Industrial Revenue Bonds
Industrial Revenue Bonds (IRB's) are financing instruments issued by
designated local industrial development boards (IDB's) or other issuers
authorized by state law. Since 1949, IRB's have been a preferred method of
financing used by industries locating to and expanding in Alabama. Often,
financial institutions and other intermediaries participate by providing
letters of credit backing the bonds. Thus, the company seeking the bonds
must be considered creditworthy by the financial institution.
IRB's provide financing for land, building and equipment for new and
expanding manufacturing plants. Certain expenses such as architectural,
engineering, legal and administrative fees associated with the sale of the
bonds can be paid from the bond proceeds (subject to the limitations of
Internal Revenue Service regulations).
The political subdivision issuing the IRB retains ownership of the
bond-financed facility and leases it back to the company at a rate
sufficient to pay the principal and interest on the bonds as they mature.
When the user leases the property back, there may be several tax advantages
such as exemption from sales tax on construction materials, use tax on the
purchase of equipment, as well as mortgage deed tax and ad valorem tax for a
term limited to ten years. Local sales and use taxes and all ad valorem
taxes which are levied for school purposes are not eligible for exemption.
Taxable IRB's will continue as one of the mainstays of industrial finance
because they may be issued with fewer restrictions and in unlimited amounts
while the user maintains tax savings. The company may buy its own bonds and
still be eligible for significant tax savings. Interest rates are generally
higher than on tax-exempt bonds.
Tax-exempt IRB's are issued at rates lower than conventional sources
because the interest paid on the bonds is exempt from both federal and state
income tax. No more than $10 million in bonds may be issued in a single
locality and no company can have more than $40 million outstanding.
Companies using an IRB may not invest more than $10 million in one location,
regardless of fund sources, for a period of three years prior to the issue
and three years after it.
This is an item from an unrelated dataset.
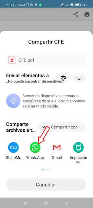 A continuación, se abrirá la aplicación WhatsApp y solo deberá indicar el contacto a quien le compartirá el comprobante.

Companies may choose to lease all or part of their
equipment and therefore eliminate that portion from the $10 million limit.
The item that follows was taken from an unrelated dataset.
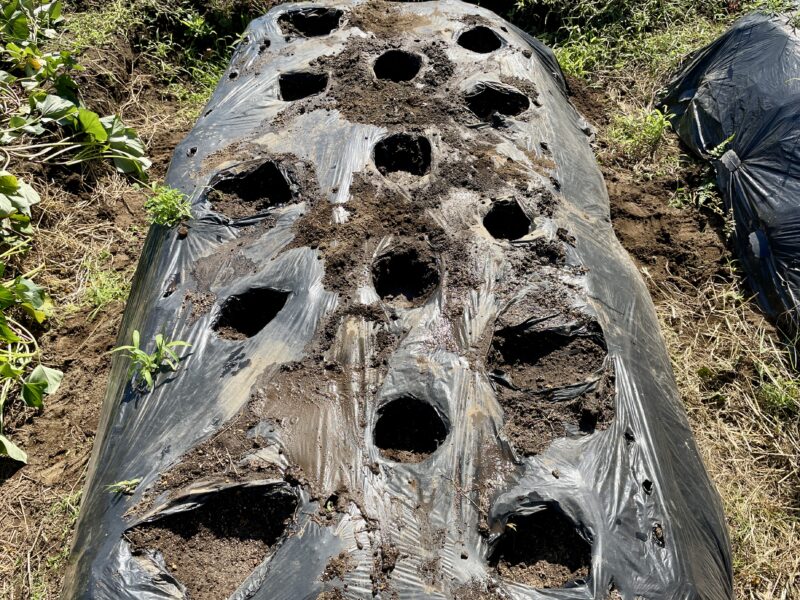 第1弾はこちらのウネの両端10ヶ所にまきました。真ん中は大根と相性のいいにんじんをまきました。

IRB's are not generally cost-effective for amounts under $1 million because
of the fees involved in issuing a bond. To be eligible, the company must
obtain a letter of inducement from the local industrial development board
before any monies are expended on a project. In the case of tax-exempt
IRB's, the Internal Revenue Code requires that land acquisition cost must be
less than twenty-five percent (25%) of the total bond issue. If the bond
proceeds are used to finance the acquisition of an existing building, at
least fifteen percent (15%) of the proceeds must be spent on renovation of
the building within two years. Bond proceeds may not be used to purchase
used equipment except in limited situations. There are a number of other
requirements, including a public hearing and volume cap allocation.
SUMMARY
Long term financing. May finance 100% of project. Interest rate below
conventional rates (for tax-exempt bonds).
USE OF FUNDS
Land acquisition and building construction. Machinery and equipment.
Architectural and engineering fees. Cost of bond issuance.
SOURCES OF FUNDS
Banks, institutional investors.
MATURITY TERM
Negotiable, depending on project and lender.
LIMITS
Tax-exempt: $10 million. Taxable: no limit.
ELIGIBLE BUSINESSES
Manufacturing, distribution, warehousing, and corporate headquarters.
INELIGIBLE BUSINESSES
Refinancing and restructuring existing debt. Venture capital, working
capital.
SPECIAL CONDITIONS
Loan conditions may vary depending on lending institution.